Impala with Ozone
You can use Impala to query data files that reside on Apache Ozone distributed storage, rather than in HDFS.
The typical use case for Impala and Ozone together is to use Ozone for the default filesystem,
replacing HDFS entirely. In this configuration, when you create a database, table, or partition,
the data always resides on Ozone storage and you do not need to specify any special
LOCATION
attribute. If you do specify a LOCATION
attribute,
its value refers to a path within the Ozone filesystem.
For example:
If the default filesystem is Ozone, all Impala data resides there and all Impala databases and tables are also located there.
CREATE TABLE t1 (x INT, s STRING);
You can specify LOCATION for
database, table, or partition, using values from the Ozone filesystem.
CREATE DATABASE d1 LOCATION
'/some/path/on/ozone/server/d1.db'; CREATE TABLE d1.t2 (a TINYINT, b BOOLEAN);
Impala can write to, delete, and rename data files and database, table, and partition
directories on Ozone storage. Therefore, Impala statements such as CREATE TABLE
,
DROP TABLE
, CREATE DATABASE
, DROP DATABASE
,
ALTER TABLE
, and INSERT
work the same with Ozone storage as
with HDFS.
Ozone supports multiple protocols: ofs
, o3fs
, and
s3a
. Impala supports reading ofs
and o3fs
.
Impala can also read s3a
(see Impala with Amazon S3 for more information).
However, ofs
is their newer protocol, and the only one Impala supports as a
default filesystem. We recommend using it for DDL statements to avoid access limitations, and for
DML statements and SELECT statements for performance.

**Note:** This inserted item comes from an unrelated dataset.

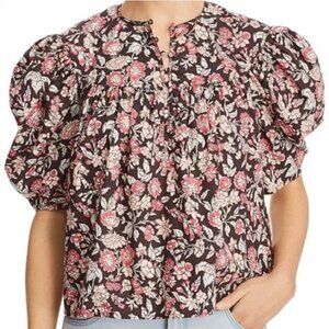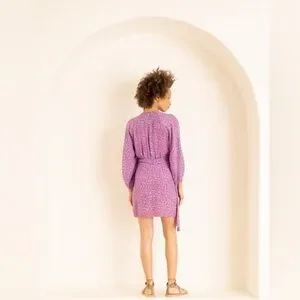 Mini length. Regular/relaxed at bust, fitted at waist, semi-fitted at skirt. Three-quarter length, puff sleeves. V neckline. Light gathering at sleeves, neckline and skirt. Wrap construction. Unlined, no sheerness. Lightweight, non-stretch soft fabric. 100% silk. Made in Indonesia. Hand wash cold (dry flat) or dry clean

Because Apache Ozone storage buckets use a global value for the block size rather than a
configurable value for each file, the PARQUET_FILE_SIZE
query option has no
effect when Impala inserts data into a table or partition residing on Ozone storage.
Impala's spill-to-disk feature may be configured to use Ozone storage by specifying a full URI
(e.g. ofs://host:port/volume/bucket/key
) for the spill location.
See Spill to remote storage for details on configuring remote spill-to-disk.